L’avantage de ces races synthétiques est d’avoir une race prolifique disponible pour le
croisement sans faire toujours appel au croisement de béliers prolifiques et la race locale.
Sélection phénotypique et sélection génétique
La CNSM a fait un bon travail de sélection ovine à l’échelle nationale. L’expérience
marocaine dans ce domaine est peut être unique dans son genre à l’échelle des pays en voie de
développement. La sélection sur l’apparence externe de l’animal est un passage obligé pour
une homogénéisation des races qui sont souvent hétérogènes. Il a également permis une prise
de conscience et une sensibilisation des éleveurs aux notions de sélection et de race pure. Le
seul reproche valable qui pourrait être fait est que cette étape a pris plus de temps qu’il n’en
faut. On devrait passer à la sélection sur valeurs génétiques ou index de sélection depuis
longtemps. Heureusement que depuis quelques années, des index de sélection sont calculés et
ils sont utilisés dans la sélection des animaux. La méthode d’évaluation actuellement utilisée
se base sur l’évaluation intra troupeaux avec toutes ses limites, mais c’est déjà un grand pas
dans la bonne direction, il suffit de l’améliorer.
Adaptation des races
Cela me pousse à soulever la question de la race Beni Guil et la race Ouled Jellal dans
l’oriental. Darwin (1859) dans son livre sur l’origine des espèces et la sélection naturelle a
montré qu’il n’y a de place ni aux mauvais ni aux faibles, mais plutôt aux meilleurs et aux
plus forts. Dans notre contexte sur les races, je dirai aux races les plus productives. Ainsi, si
dans l’oriental, berceau de la race Beni Guil, celle-ci n’arrive pas à prendre le dessus sur la
race Ouled Jellal, qui est étrangère à ce milieu, c’est à dire que si elle ne réalise pas des
productivités meilleures, elle n’a qu’à céder sa place. Notre objectif doit être la productivité et
la rentabilité du troupeau. Si la race Ouled Jellal a sa place dans l’échiquier marocain des
races, pourquoi ne pas la parrainer et l’adopter, quitte à lui changer de nom. L’histoire montre
qu’il y a des pays qui sont peuplés uniquement par des races étrangères et qui sont
actuellement de grands exportateurs de produits ovins. L’Australie est un exemple.

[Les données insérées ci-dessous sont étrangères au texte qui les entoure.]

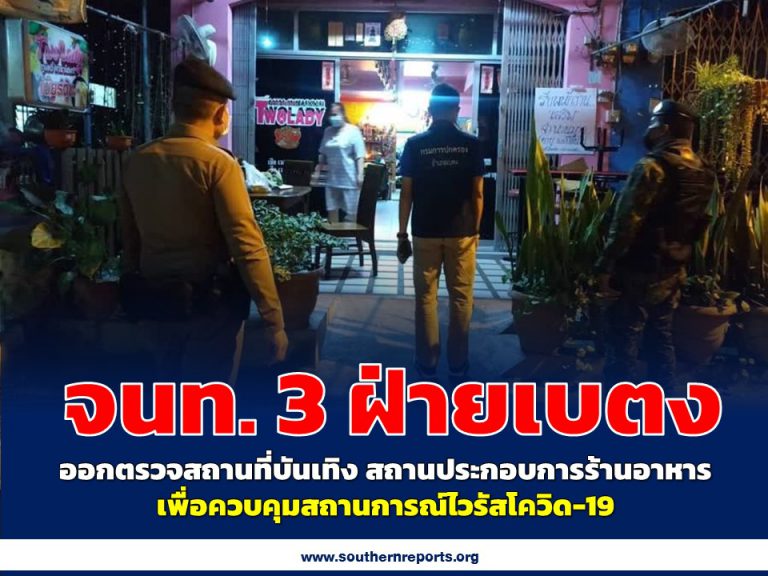 3 ฝ่ายเบตง ออกตรวจสถานที่บันเทิง ร้านอาหาร เพื่อควบคุมสถานการณ์ไวรัสโควิด-19

Néanmoins, il ne faut pas interpréter mes propos comme si je prône l’élimination des
races locales, ce n’est pas mon intention. Les races locales doivent être au contraire
préservées et améliorées dans le milieu où elles produisent le plus, parce que c’est notre
patrimoine.
Darwin, C., 1959 ; On the Origin of Species by Means of Natural Selection. Murray, London.
Ce que je reproche au travail de la CNSM est que cette étape de sélection sur l’apparence
externe et sur les valeurs phénotypiques brutes a pris plus de temps qu’il n’en faut, alors
qu’on devrait passer à la sélection sur les valeurs génétiques ou index de sélection depuis
longtemps.
L’exemple de la race Holstein est frappant. La race Pie Noire est divisée en deux
rameaux ayant la même origine: Holstein en Amérique du Nord et Frison en Europe.
Contrairement aux européens qui se sont beaucoup intéressés au standard de la race (la
fameuse ceinture noire au niveau des épaules), les américains ont accordé plus d’importance
aux productions et ont ignoré le standard. Actuellement, à l’échelle internationale, le
phénomène de la holsteinisation n’a presque épargné aucune race.